* Data section

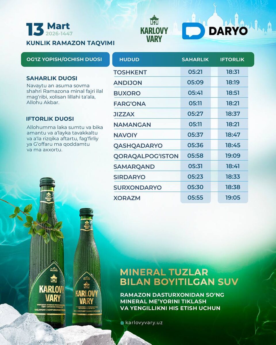 Navaytu an asuvma sovma shahri ramazona minal fajri ilal mag‘ribi, xolisan lillahi ta’ala. Allohu akbar. Ma’nosi: Ramazon oyining ro‘zasini subhdan to kun botguncha tutmoqni niyat qildim. Xolis Alloh uchun Alloh buyukdir. 👉 Obuna bo'ling — @daryo
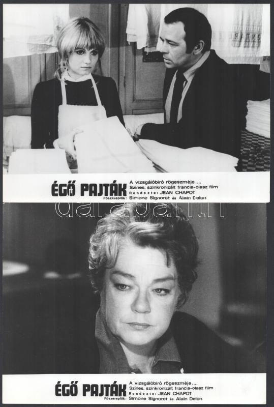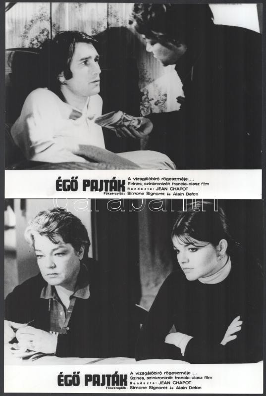 cca 1973 ,,Égő pajták - egy vizsgálóbíró rögeszméje" című francia - olasz film jelenetei és szereplői, 6 db vintage produkciós filmfotó, a használatból eredő (esetleges) kisebb hibákkal, ezüst zselatinos fotópapíron, 18x24 cm
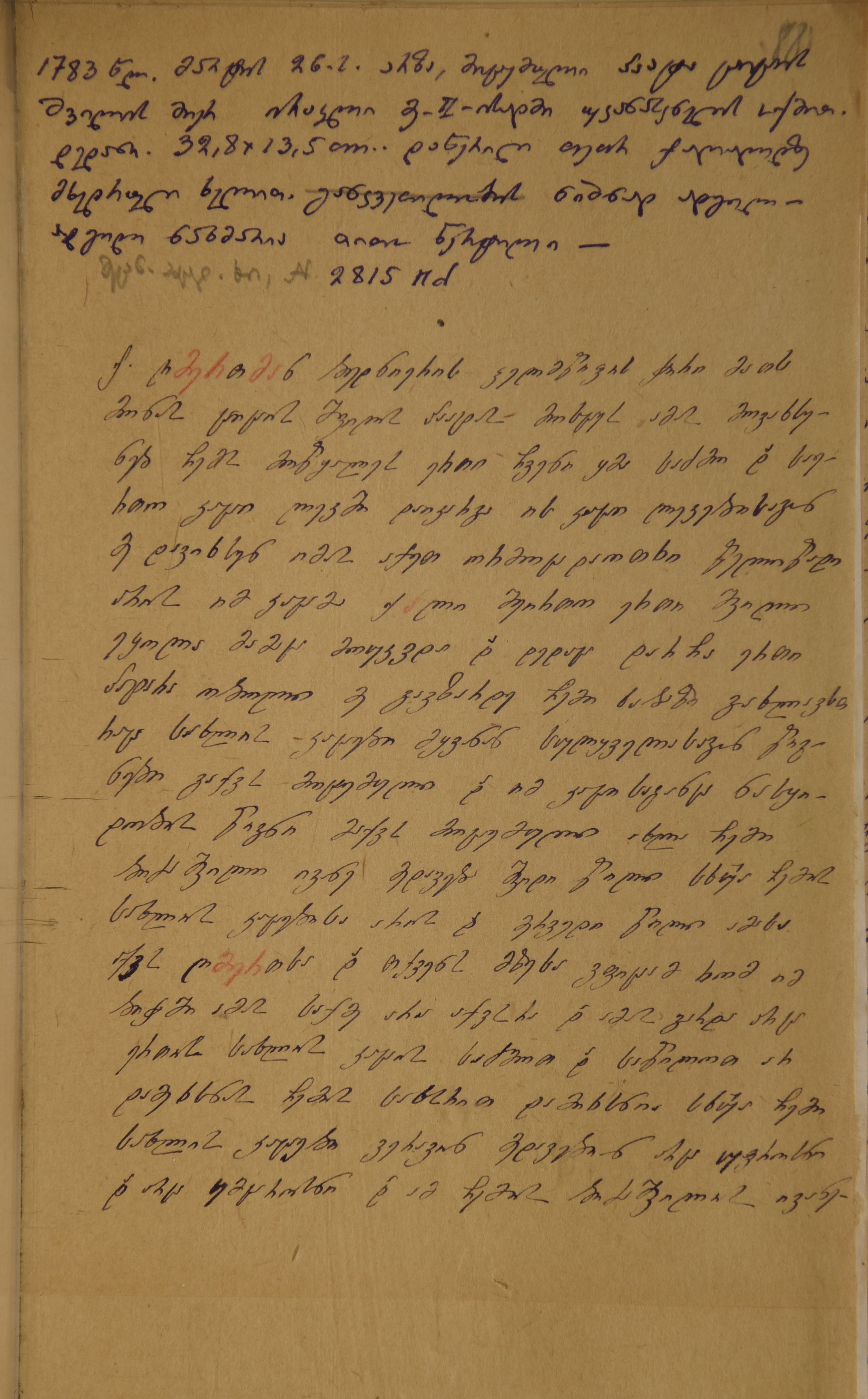 2. დედნის აღწერა გიორგი ბოჭორიძის მიერ: ,,დედანი 32,x13,5, cm. დაწერილი თეთრ ქაღალდზე მხედრული ხელით. განკვეთილობის ნიშნად ადგილ-ადგილ ნახმარია თითო წერტილი.
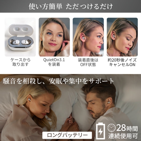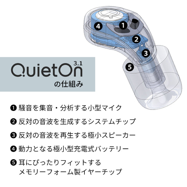 | バッテリー | QuietOn3.1本体:17mAh 専用充電ケース:200mAh |

* About this exercise
Restate, exactly as they appear, the line with "2. დედნის აღწერა" and all the lines after it up to the end of the data above; images do not belong in the copy.

* Result of the task
 2. დედნის აღწერა გიორგი ბოჭორიძის მიერ: ,,დედანი 32,x13,5, cm. დაწერილი თეთრ ქაღალდზე მხედრული ხელით. განკვეთილობის ნიშნად ადგილ-ადგილ ნახმარია თითო წერტილი.
 | バッテリー | QuietOn3.1本体:17mAh 専用充電ケース:200mAh |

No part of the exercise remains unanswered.